*** Opening Dataset excerpt ***

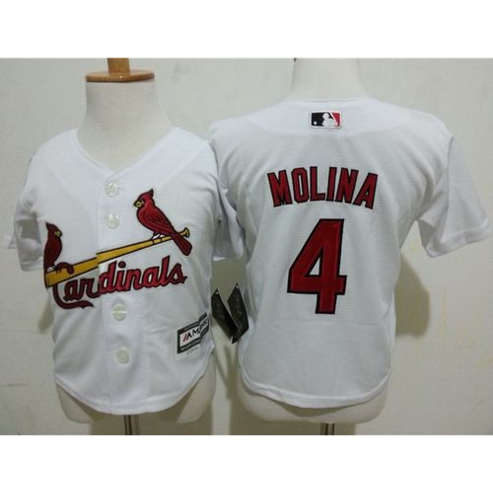 Toddler Cardinals #4 Yadier Molina White Cool Base Stitched MLB Jersey
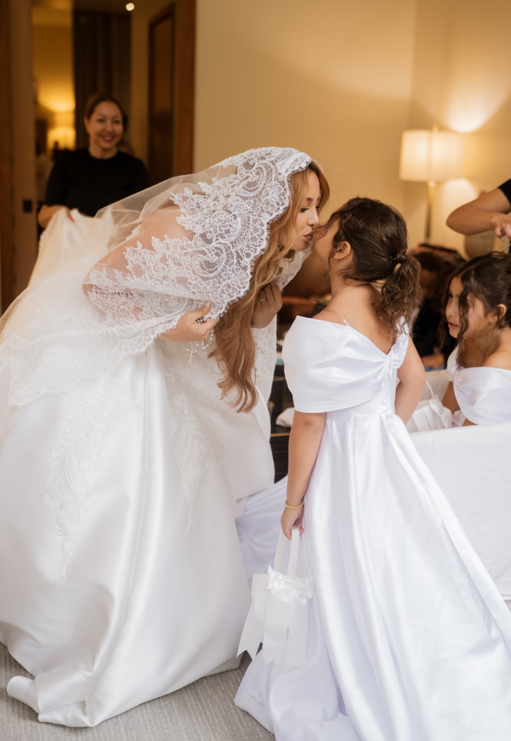 Catherine shared on her @catherinepaiz social media how serendipitous her "yes to the dress" experience was at Lovella. She explained that six months before her wedding, when she first tried on the gown, it was the only inspiration photo she had saved and also the only gown on display at the boutique that day. In her words, “It felt like destiny.” She also expressed her gratitude to her bridal stylist Nayri, Lovella’s Wedding Fashion Expert, saying, “The details. Thank you @weddingfashionexpert for having the perfect dress.”
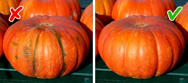 При виборі гарбуза потрібно звернути увагу на її поверхню. Чиста і гладка шкіра — ознака хороший, а ось нерівні волокнисті смужки і незрозумілі плями повідомляють про високий вміст пестицидів.

*** Closing Dataset excerpt ***

▶ [Activity] Keep the pictures out and transcribe the listing exactly.

▶ [Answer section]
 Toddler Cardinals #4 Yadier Molina White Cool Base Stitched MLB Jersey
 Catherine shared on her @catherinepaiz social media how serendipitous her "yes to the dress" experience was at Lovella. She explained that six months before her wedding, when she first tried on the gown, it was the only inspiration photo she had saved and also the only gown on display at the boutique that day. In her words, “It felt like destiny.” She also expressed her gratitude to her bridal stylist Nayri, Lovella’s Wedding Fashion Expert, saying, “The details. Thank you @weddingfashionexpert for having the perfect dress.”
 При виборі гарбуза потрібно звернути увагу на її поверхню. Чиста і гладка шкіра — ознака хороший, а ось нерівні волокнисті смужки і незрозумілі плями повідомляють про високий вміст пестицидів.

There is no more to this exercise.